Georgia Miller – Ginny & Georgia
Georgia is a liar, a manipulator, and a murderer. She does awful things, and she hides them behind charm and a Southern drawl. But at her core, she is a woman who grew up in chaos and vowed never to let her kids feel unsafe, even if it means doing everything right and wrong.
You judge her, but then you understand her. Her parenting is terrifying, but her fear is relatable. She wants control because she has lived without it. She wants safety because she has never had it. Georgia is what survival looks like when softness is not an option.

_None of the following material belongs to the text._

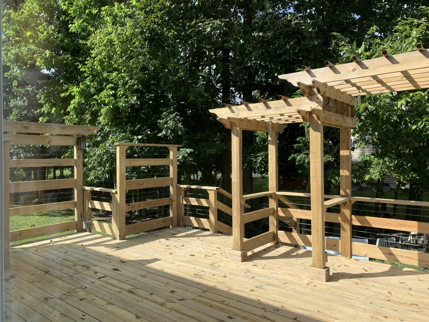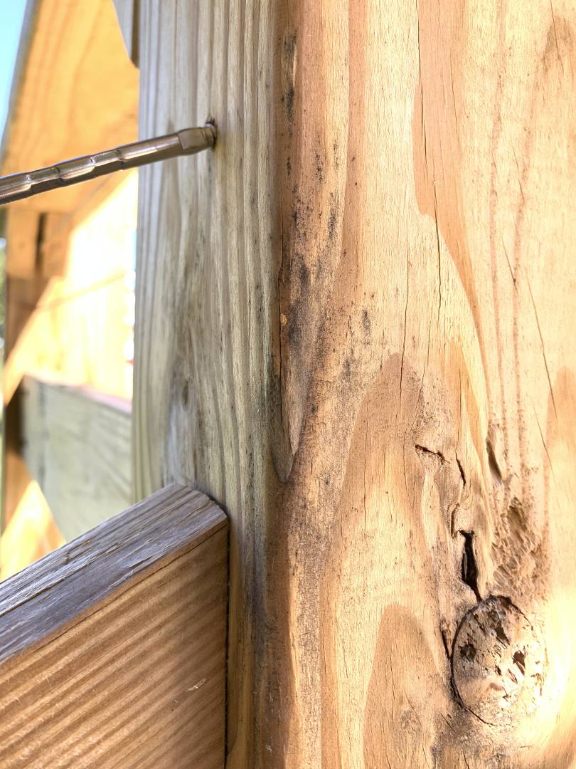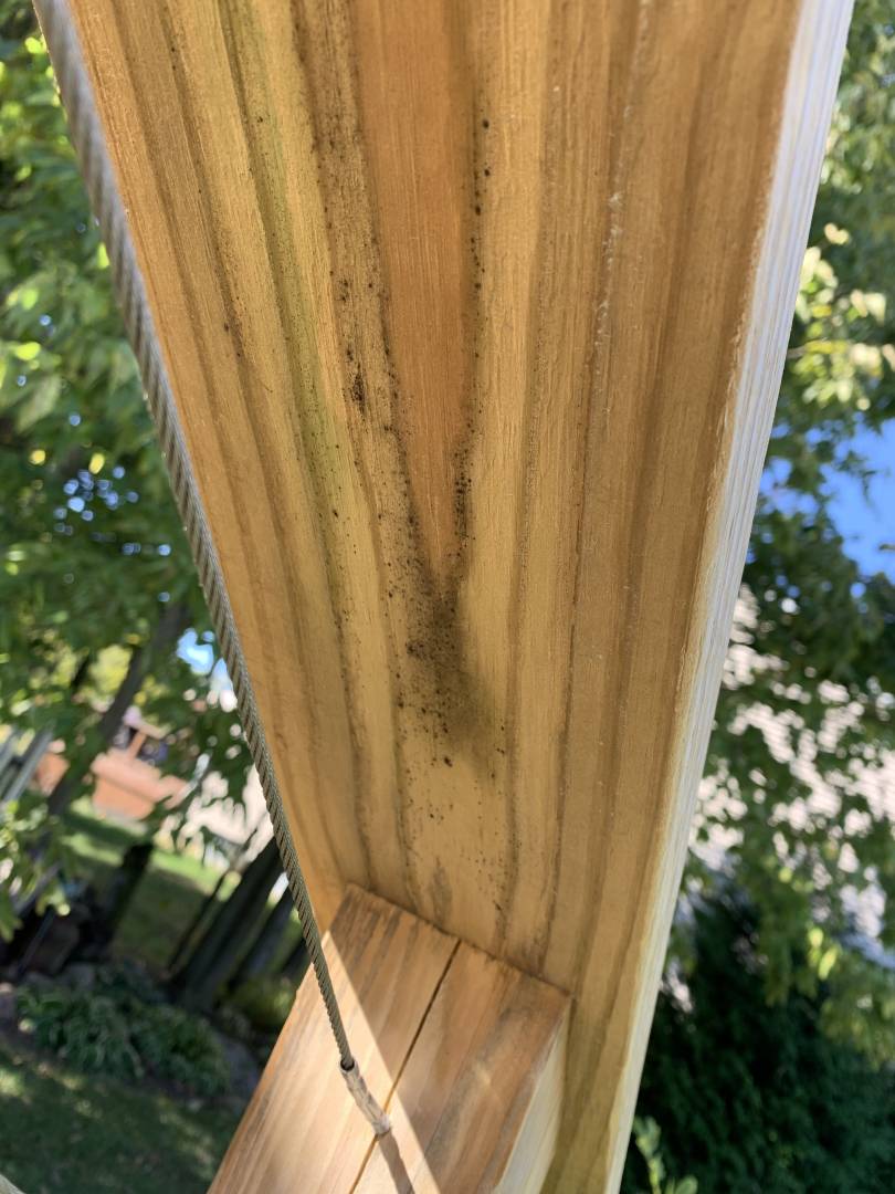 pine deck built. Pergola, metal skirting, wire cables. It sat from August 2021 to June 2022 before we could get a contractor to agree to come out to stain. I bought RAD cleaner/brighter and was very careful to point out instructions. Well the contractor came in and used RAD but with very aggressive pressure washing and knocked knots out, split and badly splintered wood, left corners barely hanging on, and yes furring on every board. I’m not sure the brightener was used right because while some boards now look like toothpicks, some are darker than they were.

Camille Razat – Emily in Paris
Camille is introduced as the charming, artsy Parisian girlfriend. But when the betrayal hits, so does the shift. She turns cold, calculating, and quietly vindictive. She lies, manipulates, and plays the long game. But can you blame her? She was betrayed by her best friend and her boyfriend.
Her pettiness is real, and so is her pain. Camille is not evil; she is just a woman who has to smile through parties while swallowing humiliation. Her cruelty is born from heartbreak. And most people, if they were being honest, would have snapped a little, too.
Ruth Langmore – Ozark
Ruth is volatile, foul-mouthed, and completely unpredictable. She kills, she lies, and she aligns herself with some of the most dangerous people onscreen. But she does it all from a place of survival. Raised in a cycle of poverty and violence, Ruth never had the privilege of soft decisions. Her ruthlessness is an armour, her anger is protection, and her ambition is the only thing that keeps her afloat.
What makes her so painfully relatable is that she never hides her pain. She is messy but honest, desperate but driven. She wants to prove she is more than her last name, and every wrong move she makes comes from a place of wanting better, even if she no longer knows what that looks like. You do not root for her because she is right. You root for her because she never stops trying, even when the world keeps taking everything from her.